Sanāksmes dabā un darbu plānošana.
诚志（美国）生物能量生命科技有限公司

...

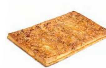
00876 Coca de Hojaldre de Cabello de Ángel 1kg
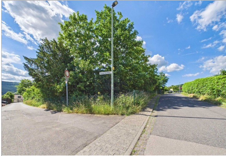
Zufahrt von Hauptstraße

### WORK ORDER
Please, from the material above, copy only the lines from the line with "Sanāksmes dabā un darbu plānošana." up to and including the line with "诚志（美国）生物能量生命科技有限公司", exactly as written.

### OUTPUT BELOW
Sanāksmes dabā un darbu plānošana.
诚志（美国）生物能量生命科技有限公司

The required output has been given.